So the onus for this poster was to really evaluate how the mild® Procedure, how their outcomes are, for patients with not only hypertrophic ligamentum flavum, but also how, when you do this mild® Procedure, patients are impacted even with the presence of foraminal narrowing. And we obviously know that this procedure is indicated to those with patients with LSS, with neurogenic claudication, we’re going to look for the ligament. We’re going to look for at least 2.5 millimeters of hypertrophic ligamentum flavum to debulk, but we want to make sure that we understand that physicians aren’t really excluding patients with also other co-factors such as foraminal narrowing. Because oftentimes we realize when you exclude such a patient population, you’re really excluding a patient to receive an outstanding therapy that’s not only safe, but efficacious. And here we actually show a poster to show those types of results.

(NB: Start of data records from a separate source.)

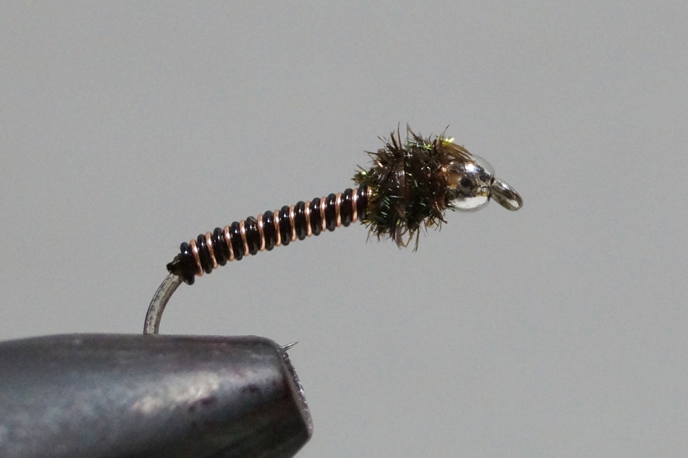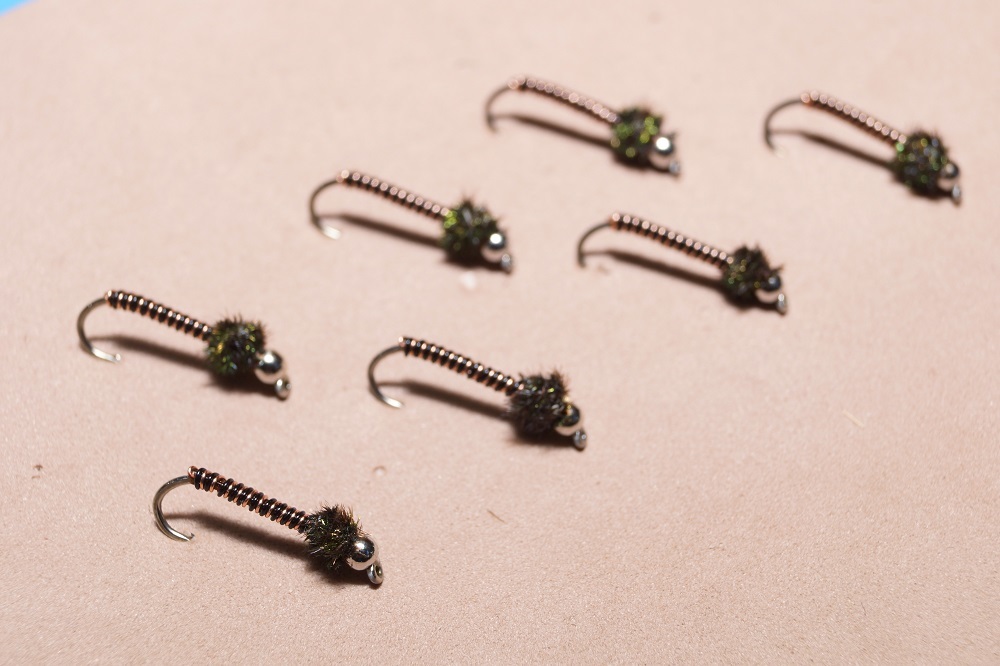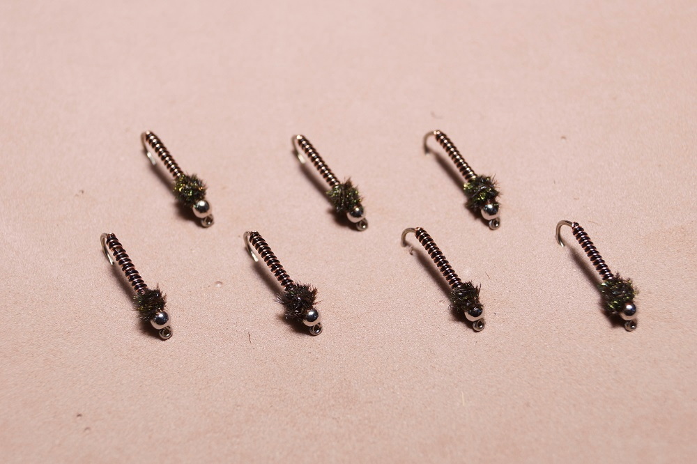 ポリウレタン銅線と黒線を縞状に巻きあげたブラッシーです。ストリーマーフック#12を使用した7本です。ブラスと黒の縞模様で、腹節と銅線の輝きを際立たせた仕様です。
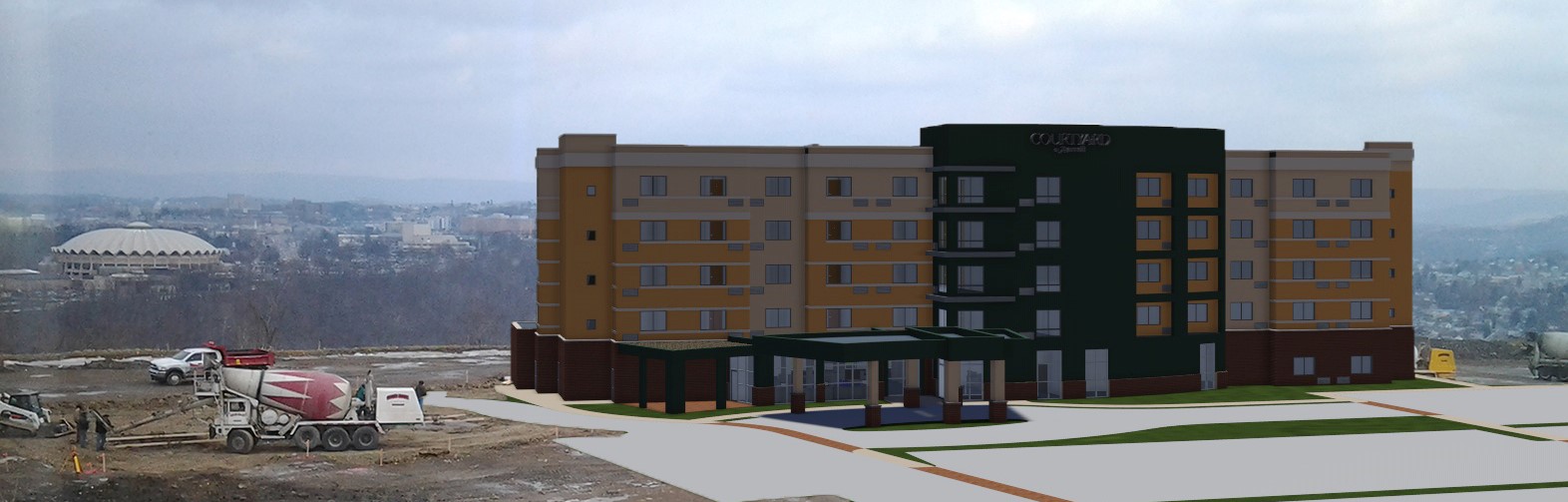 A brand new five-story hotel is planned to rise across the street from the Morgantown Black Bears baseball stadium in Granville, WV. This Courtyard by Marriott has been a collaboration of a full design-build team. Along with the owners, West Place, LLC and general contractor, Waller Corporation, Mills Group is leading the effort.
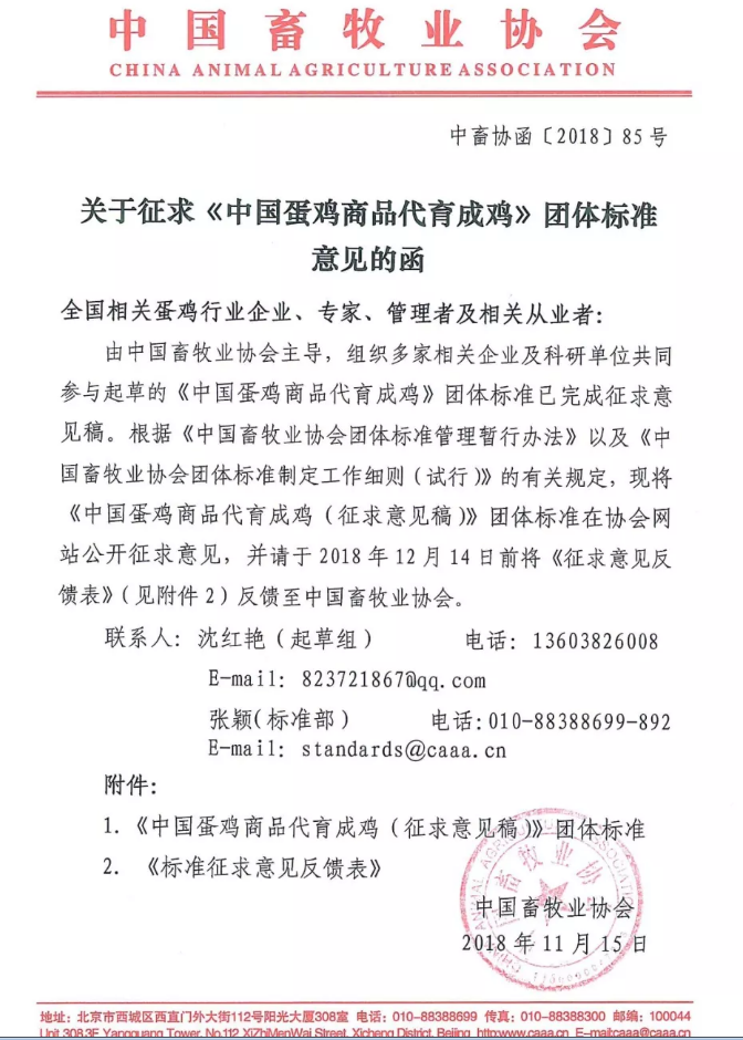 由中国畜牧业协会主导,组织多家相关企业及科研单位共同参与起草的《中国蛋鸡商品代育成鸡》团体标准已完成征求意见稿。根据《中国畜牧业协会团体标准管理暂行办法》以及《中国畜牧业协会团体标准制定工作细则(试行)》的有关规定,现将《中国蛋鸡商品代育成鸡(征求意见稿)》团体标准在协会网站公开征求意见,并请于2018年12月14日前将《征求意见反馈表》(见附件2)反馈至中国畜牧业协会。
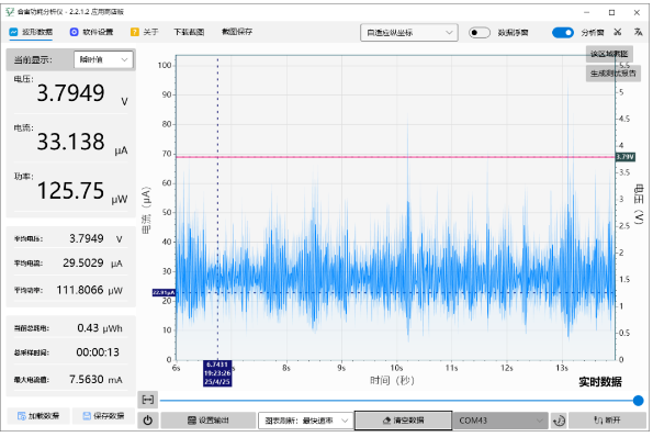 下图为链接好服务器后什么都不做的功耗,其中平均电流为6.2127mA。
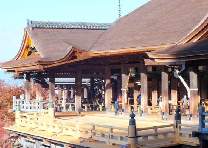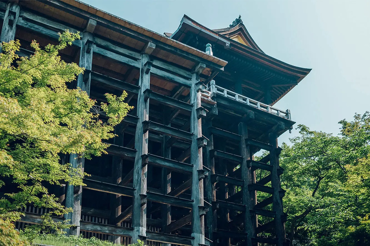 ‘기요미즈의 무대’는 청수사 본당에 달린 테라스 같은 곳으로 13미터나 되는 절벽 위에 세워진 공간을 말한다. 법회나 공연을 하는 곳인데 절벽 위에서 앞으로 툭 튀어나와 있는 전망대를 상상하면 이해가 쉽다. 이 ‘기요미즈의 무대’는 절벽 아래 바닥의 지형을 그대로 이용해 세워졌는데, 수령 400년이 된 거대한 '느티나무(欅)' 기둥 18개를 세우고 다시 가로로 보를 엮어서 종횡으로 서로 지지하고 있는 구조다. 이걸 ‘가케즈쿠리 (かけづくり)’라고 부르는데 쇠못이던 나무못이던 못은 일절 사용하지 않고 목재끼리 서로 받쳐주는 일본의 전통 건축공법이다. 지금의 모습은 1633년에 재건한 것이라고 한다.
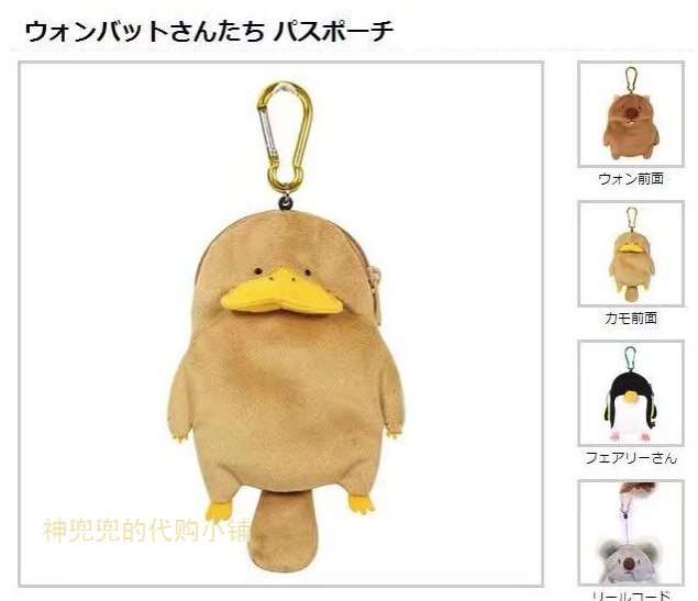 日本zakka 树袋熊家族毛绒鸭嘴兽土拨鼠零钱包挂件钥匙扣卡包
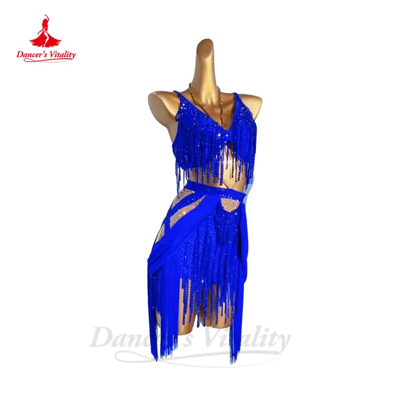 Latin Dance Performance Dress for Lady Rumba Chacha Tango Tassel Skirt Customsize Adult Child Latin Dancing Competiton Dresses
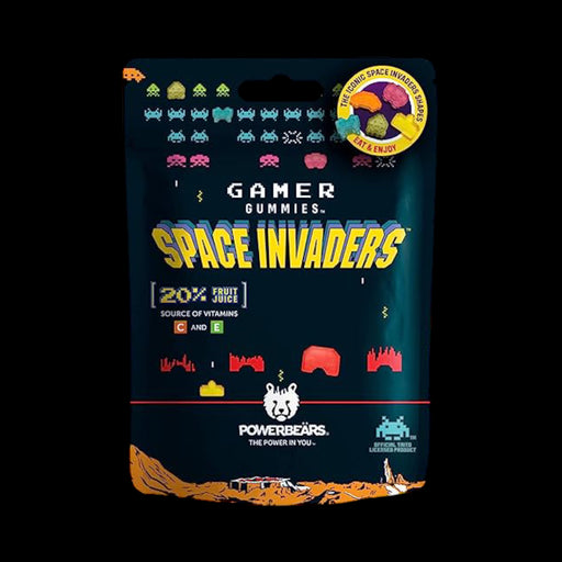 Das legendäre Videospiel als originalgetreues Fruchtgummikonzept. Die leckeren Fruchtgummis von Powerbeärs enthalten alle 6 kultigen Space Invader...
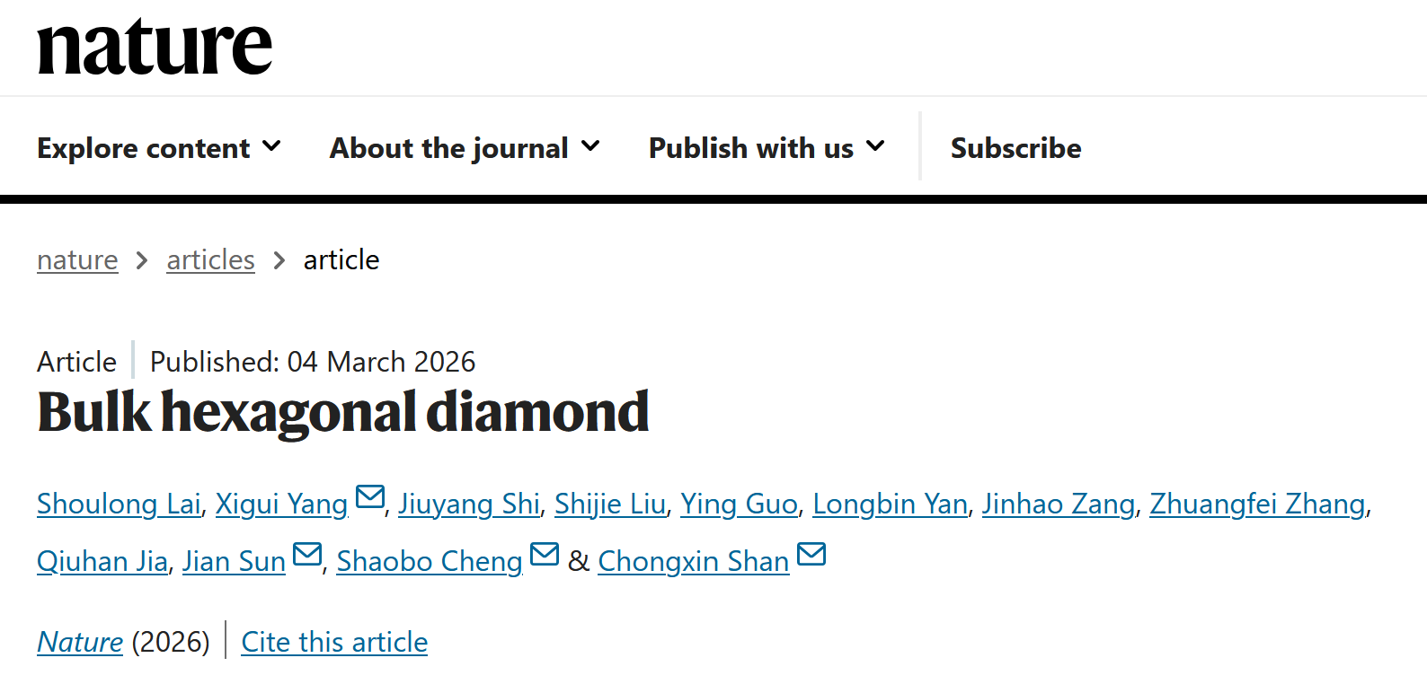 近日,pp电子官方网站金刚石材料与器件团队成功合成出纯相六方金刚石块材,并精确解析了其晶体结构,揭示了全新的相变机制。相关研究成果以“Bulk hexagonal diamond”为题,于北京时间2026年3月5日在线发表在国际学术期刊《自然》(Nature)上。pp电子官方网站物理学院博士研究生来守龙、杨西贵教授和南京大学施九洋博士为该论文共同第一作者,pp电子官方网站单崇新教授、杨西贵教授、程少博教授以及南京大学孙建教授为论文共同通讯作者,pp电子官方网站为第一完成单位和通讯作者单位。

So we have mild® patients’ recordings that were done across 11 sites or 11 centers with outstanding colleagues. We studied 413 patients retrospectively and out of these 413 patients, we saw 302 patients with foraminal narrowing, and we saw 111 patients with no foraminal narrowing. So if you think about the data, this really shows a typical type of patient population that presents with LSS, those with not just central canal stenosis, but also patients with co-factors that presents with neuroforaminal stenosis, those with facet hypertrophy, but really we’re going to really show that patients actually present, in fact, 302, presents with foraminal narrowing. And we study these patients out, you know, 1-6 months and we followed them up from a VAS (or visual analog scale) perspective. And these were recorded and compared to their baseline findings.
(02:18) From our baseline findings, we saw that these patients typically hovered in the 8 out of 10 or a VAS score of 8 out of 10. And we saw a significant improvement, at least a drop of about 50%. So from an 8 to a 4, about 1-6 months out. What was very interesting about this data specifically, was that there was really no significant difference in terms of the responder rate between those patients that received the treatment of the mild® with those that had foraminal narrowing versus those that did not have foraminal narrowing. In fact, those that had foraminal narrowing in our study were about 76.6% that actually had the responder rate. And then 78.4% that did not have foraminal narrowing had a good responder rate as well. So you can see, there was a very similar responder rate from those that had versus those that did not have foraminal narrowing.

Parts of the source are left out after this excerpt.